冬になると


昨年末から年明け、一月末までに読んだ本。

冬になると特に読みたくなるのはゴシック・ホラー。

サラ・ウォーターズの「半身」は、少し前に買って本棚で待機していた本。

サラ・ウォーターズは、何年か前に、タイトルからしてもう不穏な小説「エアーズ家の没落」を読んで面白く、好きになった作家。

この方は、コルセットをつけた貴婦人が存在していた古い時代のイギリスを舞台に作品を多く描いていて、ミステリの要素もあるのでとても面白い。

今回読んだ「半身」も、怖いやらあっと驚かされるやらで、読書が捗った。

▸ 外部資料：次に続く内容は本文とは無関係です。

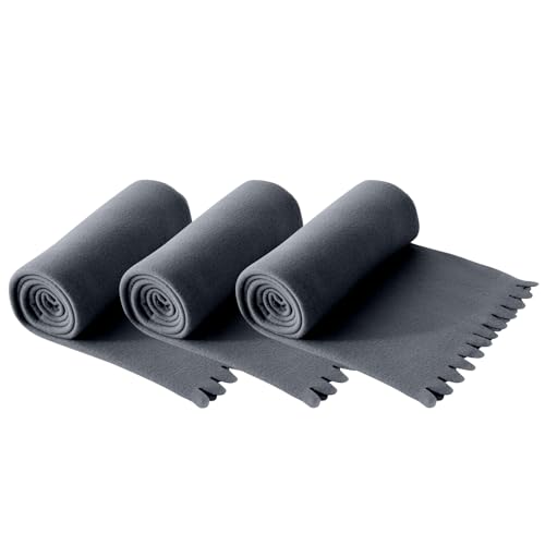 wometo 3er Set Wave Fleecedecken 120x160 cm - Oeko-TEX ca. 300g weiche Fleece Decke mit Wellenrand Anti-Pilling grau
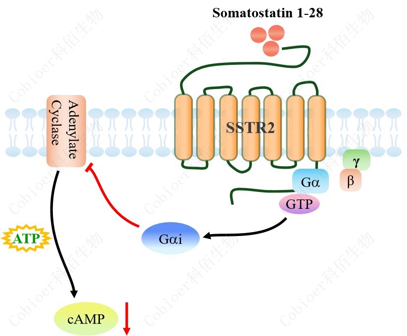 生長抑素受體(Somatostatin receptor,SSTRs)是 GPCR 超家族中的 class A 家族的成 員,共有 5 種亞型,分別為 SSTR1-SSTR5,其中 SSTR2 是唯一一種有 SSTR2a 和 SSTR2b 這 2 種異構體的 SSTR 亞型受體蛋白。SSTR2 廣泛分布于正常組織中,如腦下垂體、胰島、 腎上腺、胸腺、胃腸道以及免疫系統(tǒng)等,在不同受體的組織,表達譜各不相同。 |
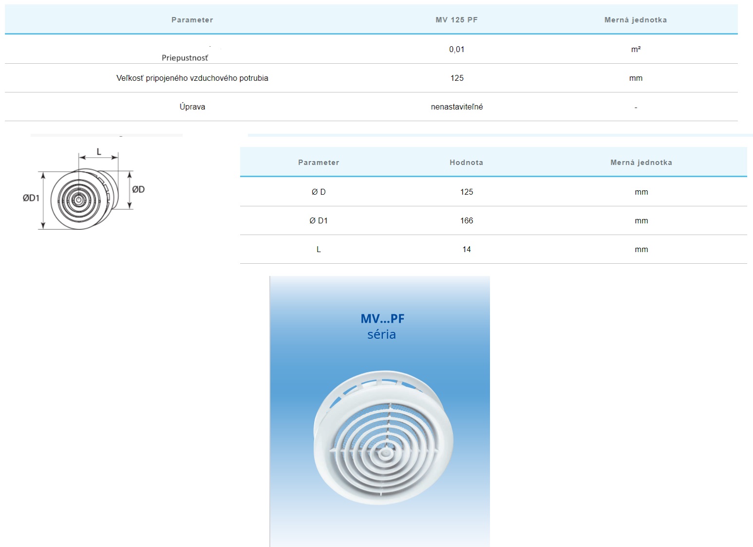 Stropný difúzer MV125PFS slúži na prívod vetrania, klimatizácie a kúrenia. Určený pre montáž na stenu alebo do falošného stropu. Zabezpečuje správnu cirkuláciu vzduchu.

作品の中の季節も冬で、たまたまこちらも厳冬期。なので臨場感には事欠かなかった。

難しい言い回しとかは全然ないし、女性ふたりが主人公なので、読みやすかった。


偶然にももう一冊の本、「キャロル」も、女性ふたりが主人公という点では同じ。

映画化されて初めて知った作品で(女神ケイト・ブランシェットが出ている)、映画が素敵だったので原作も読んでみた。映画版で一番好きなシーンは、主人公のうちの若い女性のほうが、悲しすぎてそれを受け入れられず吐くところ。あのシーンは胸に迫るものがあった。

ちなみにこちらの小説は時々内省的な記述が現れるので、そこはしっかり読んでついていく必要があった。

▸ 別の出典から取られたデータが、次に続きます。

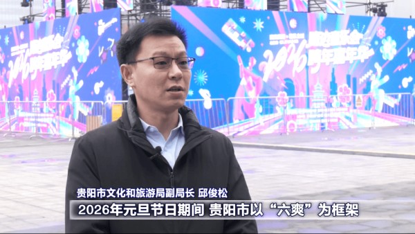 贵阳市文化和旅游局副局长 邱俊松:为了丰富市民游客的节日生活,2026年元旦节日期间,贵阳市以“六爽”为框架,组织了覆盖全域各区县丰富多彩的活动,欢迎大家到贵阳跨年。
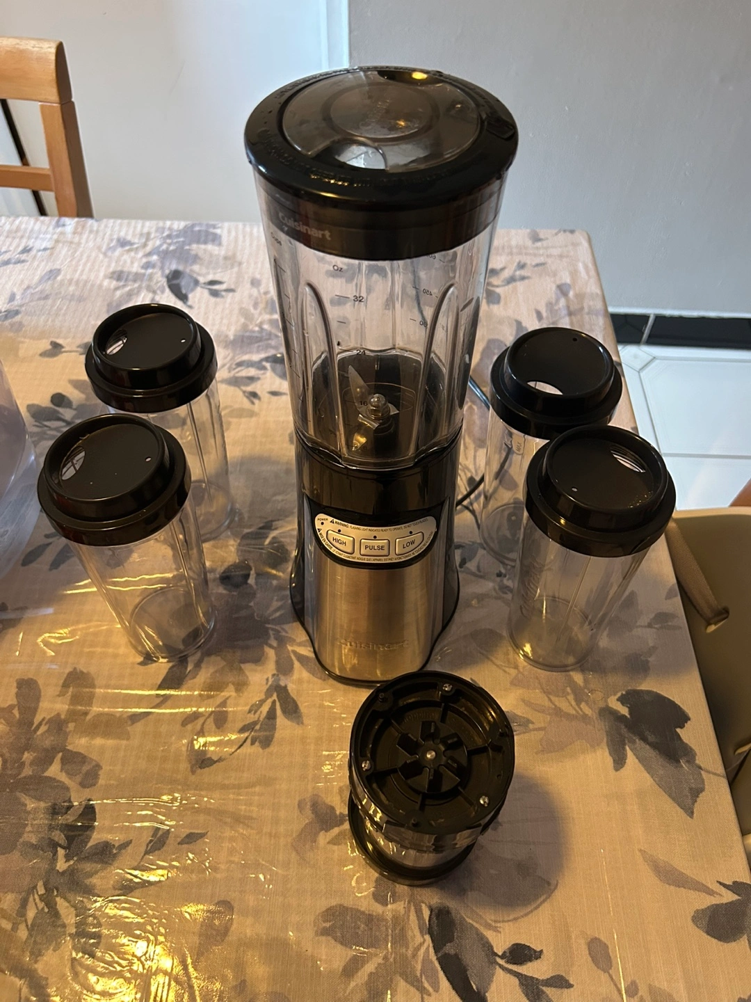 Moving! Used blender with several to-go cups. The blender's base is mostly silver with black accents and buttons. You can make yourself a nice smoothie in the morning with it, to make your day start right.

そうそう、その「キャロル」の中で、びっくりした箇所があった。

「ヒメウイキョウで風味をつけたピクルスとモッツァレッラチーズ、固ゆで卵ふたつも添えられていた。店で缶切りを借りるのを忘れたのでビールの缶を開けられなかったが、コーヒーなら魔法瓶に入っている。そこで缶ビールは後部座席の床に置くことにした」


店で缶切りを借りるのを忘れたのでビールの缶を開けられなかった、とある。

1950年代のアメリカでは、缶ビールは缶切りで開けて飲むものだったんだ! と衝撃を受けた。

道具がなくても気軽に缶ビールを開けられる現在からみれば、それは確かにちょっと不便かもしれないけれど、それはそれで高揚感が得られていいなあとも思った。

たまに飲む機会のある瓶ビールの、「栓を抜きました」という感覚には、リングを引っ張るときには味わえないワクワクがあるものね。